Hammer Residences, a Wayzata-based organization that serves individuals with developmental disabilities, has announced the recipients of this year’s Community Partner Awards.
Each year, the awards committee chooses individuals, families and companies based on their years of service, number of volunteer hours and financial contributions to the organization and the people it supports.
The winners of the 2020 Community Partner Awards are Cindy Laurent, Andy Bleck and Sarah Montgomery, the Sauer family and Medica. Hammer’s Community Partner Youth Award recipient is Abby Oldham.
Wayzata High School senior Abby Oldham has volunteered her time as a one-on-one volunteer with Gina at one of Hammer's homes. When they get together, the activity is typically whatever Gina likes to do, which often includes painting nails, putting on a movie or watching cooking shows.

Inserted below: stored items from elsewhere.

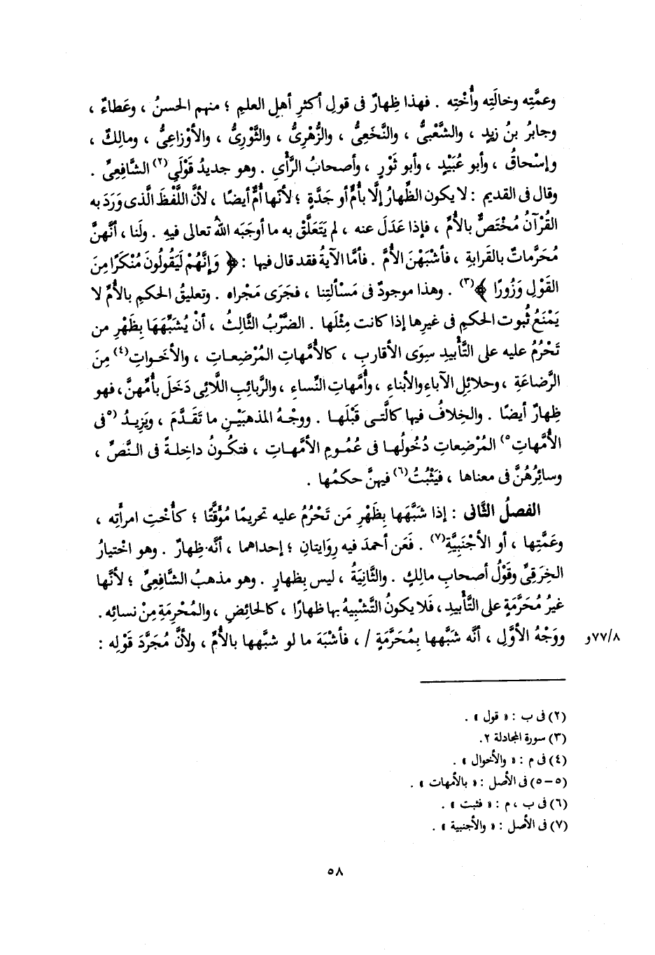 الفصلُ الثَّانى: إذا شَبَّهَها بِظَهْرِ مَن تَحْرُمُ عليه تحريمًا مُؤَقَّتًا؛ كأُخْتِ امرأَتِه، وعَمَّتِها، أو الأجْنَبِيَّةِ (٧). فَعَن أحمدَ فيه رِوَايتانِ؛ إحداهما، أنَّه ظِهارٌ. وهو اخْتيارُ الخِرَقِيِّ وقَوْلُ أصحابِ مالِكٍ، والثَّانِيَةُ، ليس بِظهارٍ. وهو مذهبُ الشَّافِعِىِّ؛ لأنَّها غيرُ مُحَرَّمَةٍ على التَّأْبيدِ، فَلا يكونُ التَّشْبِيهُ بها ظهارًا، كالحائِضِ، والمُحْرِمَةِ مِنْ نسائِه. ووَجْهُ الأوَّلِ، أنَّه شَبَّهها بِمُحَرَّمَةٍ، فأشْبَهَ ما لو شبَّهها بالأُمِّ، ولأنَّ مُجَرَّدَ قَوْلِه: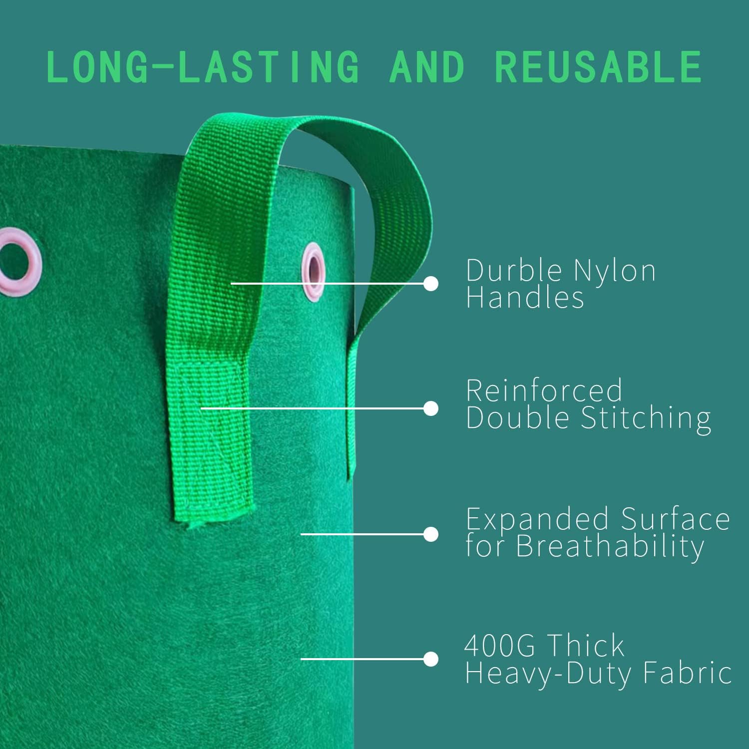 • HEAVY DUTY Handles for easy transport between gardening locations. Extra thick bags made with 400g non-woven material (higher than industry standard) to facilitate air pruning while preventing over exposure of root system to lights or sun.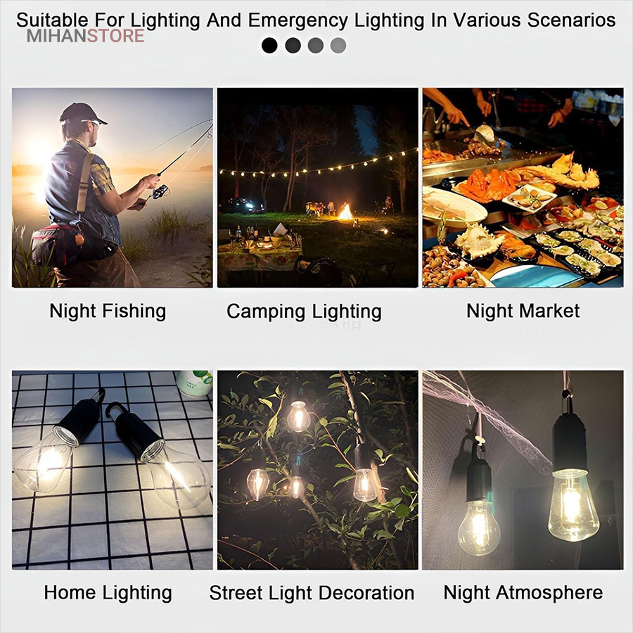 لامپ شارژی کمپینگ فیلامنتی با طراحی ساده و زیبایی که دارد می تواند برای انواع فعالیت ها از جمله کمپینگ، کوهنوردی، ماهیگیری، کار در معدن، کشاورزی و تعمیر ماشین و… مورد استفاده قرار داد. همچنین این محصول از لحاظ حالات نوردهی دارای حالت نوردهی آفتابی بود و قابل شارژ با آداپتور و پاوربانک و درگاه یو اس بی میباشد. این محصول دارای 3 حالت نور دهی کم نور، نور متوسط و پر نور هست که توسط دکمه روی آن قابل تنظیم می باشد.

Oldham has also volunteered at Hammer's Reach for Ralph event and the organization's Earth Day Celebration.
Laurent has been a Hammer volunteer since 2015 and has accrued more than 1,000 hours of service.
She has served as a one-on-one volunteer and has joined four Hammer Travel trips for people served by the organization. She is also an ambassador for the organization’s development department and a special event volunteer.
Laurent and her family have also volunteered at the annual Family Day Picnic for the past three years and helped serve at last year’s Hammer Thanksgiving.
Andy Bleck and Sarah Montgomery
Bleck began his service to the organization as a one-on-one volunteer. Wanting to connect more with the people he was seeing, he decided to launch the organization’s floor hockey league in 2014.
In need of a second coach for the league, Bleck reached out to his friend Montgomery, who agreed to join.
The volunteers have also helped out at Hammer’s Spring Breakfast, Family Day Picnic and have attended the organization’s theater productions.
The Sauer family
The Sauer Family has been volunteering with individuals at one of the organization’s homes since 2013. Since then, John, Linda and Abby Sauer have accrued more than 700 hours of volunteer service.
Abby learned of Hammer’s need for volunteers during her service learning class at Benilde-St. Margaret’s. Volunteering was a component of her class, so she reached out to Hammer to see how she could help and was quickly matched with a home needing a volunteer to do arts and crafts.
Abby also recruited her father to join in the volunteer activity, with her mother working behind the scenes to provide them with crafting ideas.
In 2012, the health services company Medica partnered with Hammer to provide care coordination for 300 special needs basic care program members. Medica has provided financial donations to Hammer and has invited employees to offer their time with the organization.
Until the COVID-19 pandemic prompted social distancing measures, two groups of Medica employees have volunteered their time to help with Hammer’s day program for residents.
Renee Farrow, who has worked with Medica for 16 years, leads one of the teams. She said volunteers from her team of 40-45 people would visit one of the organization’s homes for smaller activities like painting or bigger events like going to the zoo.
Farrow said she’s grown to understand just how important volunteers are to the organization’s work.
“Their mission really is to keep the residents in the community and to give them something to look forward to. … And I love the staff at Hammer. Their work is so invaluable,” she said. “You really can’t put a price on the work they do and how much they care about the residents. It inspires me and I know it also inspires the other people who go and volunteer.”
Farrow said it’s been difficult for her and the team not to be able to go visit the residents because of the pandemic.
“I can’t wait to get back,” she said.
Sabrinna Berghorst leads the second team of volunteers, which would regularly help with bowling outings and help residents celebrate the holidays with parties and activities.
Since the pandemic, Berghorst said they’ve had to make the shift to communicating online and having virtual birthday celebrations for residents.
“They’re now my friends. It’s really evolved into something pretty cool and we’re all missing them a lot since we haven’t been able to see them,” Berghorst said.